I'm finding out on the 8th nov booked a gender scan coz I'm soooo impatient I hav 2 girls and so badly want a boy good luck with whatever u choose to do x


----------



## rwhite

My scan will be the week after your's, hopefully. I am desperate to find out - I would hate for there to be even a trace of disappointment at the birth, so want to prepare myself (and my little boy, too, who is desperate for a sister! :haha:)

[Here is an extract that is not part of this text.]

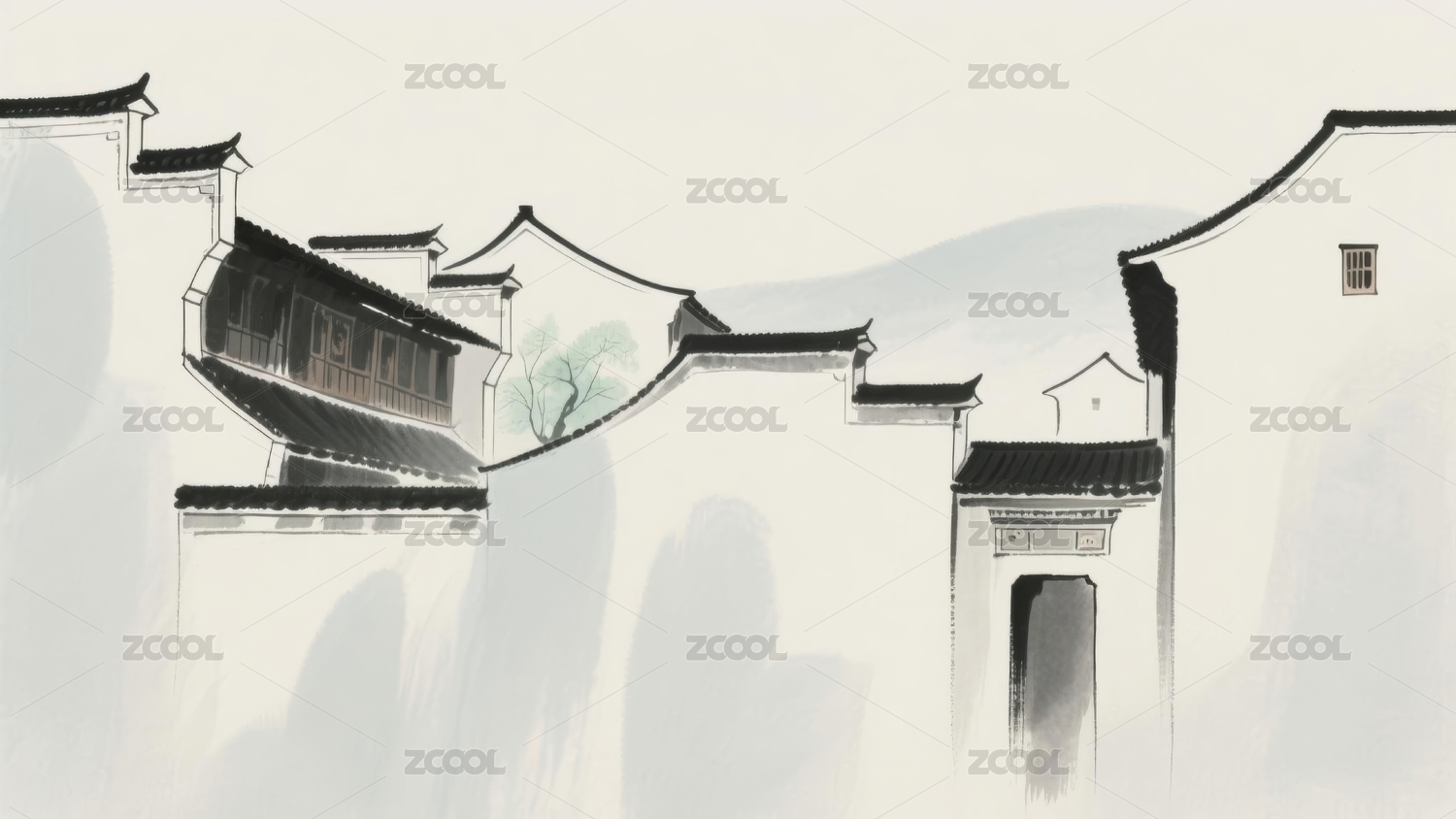 徽派建筑,中式建筑,屋檐,国风,树,树叶,墙,极简主义,建筑物,春天

Good luck for if you decide to find out :)


----------



## lindblum

I was thinking there's less disappointment when you're actually holding a newborn the first time? I think I'm leaning towards finding out though. I was sad for a while when i found out at the scan that i was having my third girl. But i don't know which way to find out is 'better'.
good luck to both of you too x


----------



## dollych

I found out with my last Boy because I was desperate to have a Girl and thought It would be better to prepare myself before the birth, although you are right, you are so in love when you first see them that the GD isn't as bad when they are born.
Finding out last time ruined the pregnancy a little bit ( i feel awful saying that because I love my boy so much) .......... But I'm doing it again this time and finding out next week at an early gender scan. I'll be 16 weeks.
Good luck with your decision xx


----------



## lindblum

Well I decided not to find out last night but I asked anyway at the scan. Looks like I'm having my first son, sonographer said she's 98% sure (not allowed to say 100% on nhs) and showed me his thingy. still can't believe it. 
good luck to all of you xx


----------



## rwhite

Congratulations on your baby boy! :cloud9:


----------



## skyraaa

Yay congrats so happy for u :) x


----------



## Eleanor ace

Congratulations!


----------